I believe that paralocus quite rightly points out to you that your idea is based on the unconfirmed hypothesis of stationarity of market processes allocated to NS. Only in case of its confirmation we can expect some semblance of stationarity of NS weights and consequently applicability of the extrapolation method for finding weights without network training. But, if it were so, we would not retrain the grid at each new BP datum, but we have to, and this fact, though indirectly, but speaks in favor of non-stationarity of weights! Besides, you can always perform a numerical experiment and see how the weights of the trained grid behave from sample to sample. Shall we see?
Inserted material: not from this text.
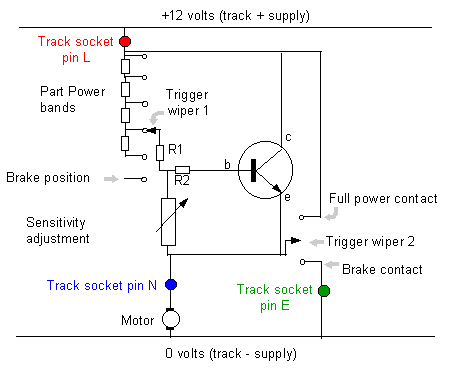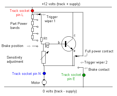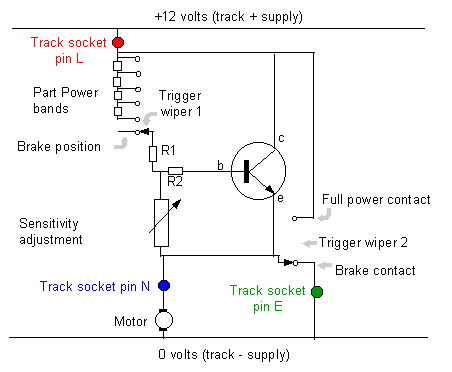 British" Darligton PNP circuit? In many ways it is quite similar except This NPN circuit uses a single transistor not a "Darlington pair", with a single transistor the voltage drop is never less than 0.6 volts, with a "Darlington pair" there are two transistors in series so the voltage drop is never less than about 1.2 volts. The NPN circuit needs two isolated wipers connected to the trigger where as a circuit using PNP transistors needs just the single wiper. (The base of an NPN transistor needs to be connected to pin N to turn off when the controller is on brake. The base of a PNP transistor needs to be connected to pin L to turn off when the controller is on brake.) |

For this purpose let's perform 500 experiments shifting by one bar each time and learning to predict the next one. We will teach the net anew at every bar. To avoid displaying the vector of weights all 500 times on one chart, we will average obtained values for each weight and display them showing the variance (dispersion of values) corresponding to each weight in the form of the handle plotted along the 1/e level:
The abscissa axis shows the number of the NS input, the ordinate axis the average value of the weight on this input, for a fully trained network. As can be seen, for the hour markers (fig. on the left), the values of weights are in the area of their statistical scatter (range of whiskers), which directly refutes the hypothesis of stationarity. The case is a little better on the minutes; statistically significant is the first input of NS (zero sample in the graph) that is responsible for the known antipersistence of kotier (negative correlation coefficient in a series of the first difference between neighboring samples) on small TFs.
Thus, it is premature to talk about the need to develop a method for approximating the NS weights by a polynomial.